Verify your Poetry installation:

poetry --version

If you need to install Poetry:

curl -sSL https://install.python-poetry.org | python3 -

Required AWS permissions:

You need IAM permissions for the following services:

  • Amazon Bedrock Data Automation.
  • AWS CloudFormation (create, update, and delete stacks).
  • Amazon S3 (create buckets, upload and download objects).
  • AWS Lambda (create and update functions).
  • AWS Identity and Access Management (IAM) (create roles and policies).
  • AWS HealthLake (create data stores).

Supported AWS Regions:

This solution currently supports us-east-1 (US East N. Virginia) and us-west-2 (US West Oregon) only. These are the Regions where Amazon Bedrock Data Automation is available.

Deploy the pipeline

Deployment takes approximately 15–20 minutes.
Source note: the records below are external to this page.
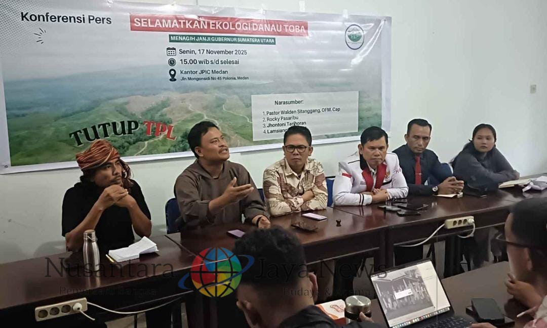 Nusantarajayanews|medan,— Satu pekan setelah aksi besar-besaran menuntut penutupan PT Toba Pulp Lestari (TPL) pada Senin, 10 November 2025, Sekber Gerakan Oikumenis untuk Keadilan Ekologis Sumut kembali bersuara. Melalui konferensi pers di Kantor JPIC Jalan Monginsidi Medan, Senin sore (17/11/2025), mereka menegaskan bahwa janji Gubernur Sumatera Utara, Bobby Nasution, tidak boleh berhenti pada pernyataan di media.
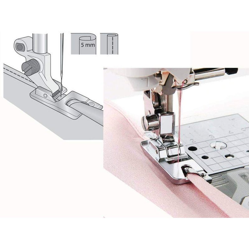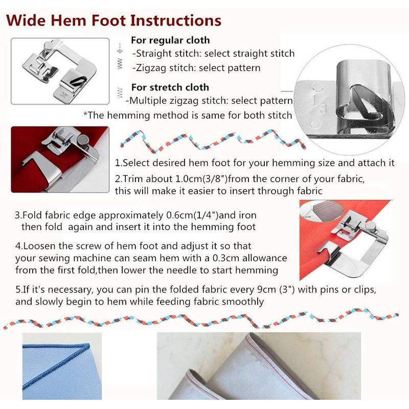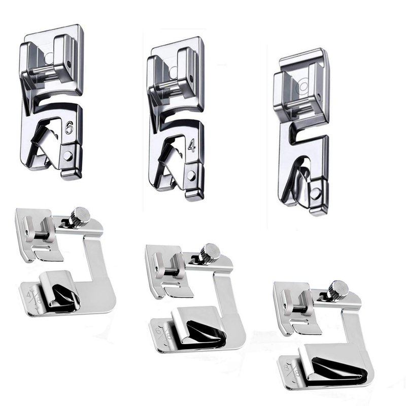 - HEMMER FOOT is definately a useful tool for domestic fabric hemming,now you'll have a kit of 6pcs hemming foot with no time,package includes 3pcs wide rolled hem presser foot(4/8,6/8and 8/8 inch)and 3pcs narrow sewing foot hemmer(3,4 and 6mm)
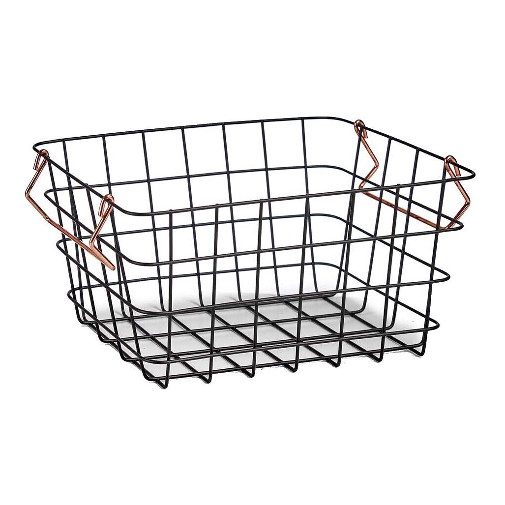 Cesto 31,5 x 22,5 x 14 cm metal preto com pegas em cobre
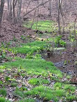 The Fairyland Pond as it appears today is artificial, having been created in the late 19th century when a dam was constructed. The dam’s drainage culvert was rebuilt in 2011. The inflow to the pond originates about 500 feet to the south at Brister’s Spring, named for Brister Freeman (mistakenly identified by Henry David Thoreau as ‘Scipio’ or ‘Sippio’ Brister),[3] a freed slave who lived with his family on the small hill from which the spring emerges.[4] The location of Brister’s house is now marked as part of the Drinking Gourd Project, which commemorates Concord’s role in the abolitionist movement.[5] The site was considered significant by Emerson, who would sometimes bring visitors to drink a glass of water from the spring.[2]
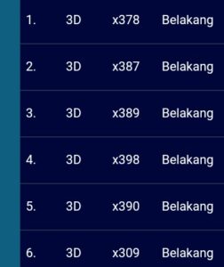 | Rumus Angka Mati berdasarkan kepala harian | 04 05 06 07 08 09 10 15 16 17 18 19 21 26 27 28 29 30 32 37 39 41 42 43 52 53 54 63 64 65 75 76 83 84 86 87 94 95 97 |
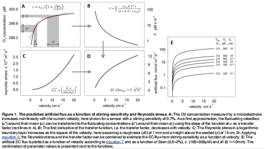 理論建模:基于傳感器攪拌敏感性的物理機制(流速影響傳感器尖端擴散邊界層厚度,從而影響信號),建立數學模型(MODEL 1 和簡化的 MODEL 2),預測人工通量如何隨平均流速、雷諾應力、傳感器靈敏度等參數變化。理論預測展示在圖1中。
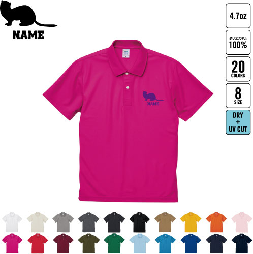 フェレット 名入れドライポロシャツ 半袖ポロシャツ おしゃれポロ お名前入り フィットネス ジムウェア プラクティスシャツ 運動着 イタチ ジョギング オリジナルポロシャツ イベントグッズ お揃いウェア チームウェア クラスシャツ 記念シャツ お揃いウェア
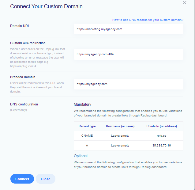 Soon as you click on the Connect button, your custom domain has added successfully in the Replug Account.
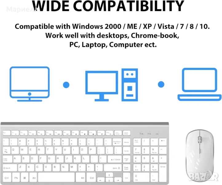 Съвместим с Windows 2000 / ME / XP / Vista / 7 / 8 / 10. Работете добре с Macbook, настолни компютри, Chrome-book, PC, лаптоп, компютър Smart TV и др. И клавиатурата, и мишката дават свят на тишина .
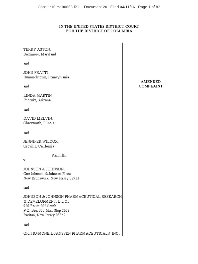 TERRY ASTON, Baltimore, Maryland and JOHN FRATTI, Hummelstown, Pennsylvania and LINDA MARTIN, Phoenix, Arizona and DAVID MELVIN, Chatsworth, Illinois and JENNIFER WILCOX, Oroville, California Plaintiffs, v. JOHNSON & JOHNSON, One Johnson & Johnson Plaza New Brunswick, New Jersey 08933 and JOHNSON & JOHNSON PHARMACEUTICAL RESEARCH & DEVELOPMENT, L.L.C., 920 Route 202 South P.O. Box 300 Mail Stop 2628 Raritan, New Jersey 08869 and ORTHO-MCNEIL-JANSSEN PHARMACEUTICALS, INC.,
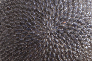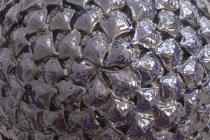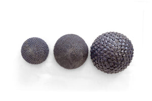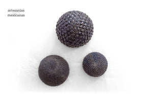 Las esferas, hechas de barro vidriado, presentan un diseño geométrico y delicado, que refleja la luz y crea un efecto visual único.
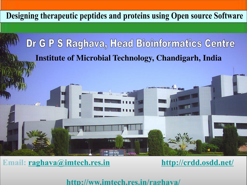 Designing therapeutic peptides and proteins using Open source Software. Dr G P S Raghava, Head Bioinformatics Centre. Institute of Microbial Technology, Chandigarh, India. Email: raghava@imtech.res.in http://crdd.osdd.net/ http://ww.imtech.res.in/raghava/.

Run the following four commands to go from zero to a fully deployed pipeline:

# 1. Clone the repository and install dependencies
git clone <repository-url>
cd Medical-Record-Digitization-and-FHIR-Integration-Pipeline
poetry install

# 2. Configure your environment
poetry run python src/utils/setup_env.py

# 3. Deploy the CloudFormation stack (approximately 15 minutes)
poetry run python src/automation/deploy.py

# 4. Verify deployment
aws cloudformation describe-stacks \
  --stack-name bda-medical-records-stack \
  --query 'Stacks[0].StackStatus'
# Expected output: "CREATE_COMPLETE"

The deployment creates the following resources:

  • Amazon Bedrock Data Automation blueprint and project (custom medical records schema with over 50 fields).
  • Amazon S3 input and output buckets with automatic event notifications.
  • Two AWS Lambda functions (BDA Trigger and FHIR Processor).
  • AWS HealthLake FHIR R4 data store.
  • AWS Identity and Access Management (IAM) roles and policies with least-privilege permissions.
  • Amazon CloudWatch log groups for all Lambda executions.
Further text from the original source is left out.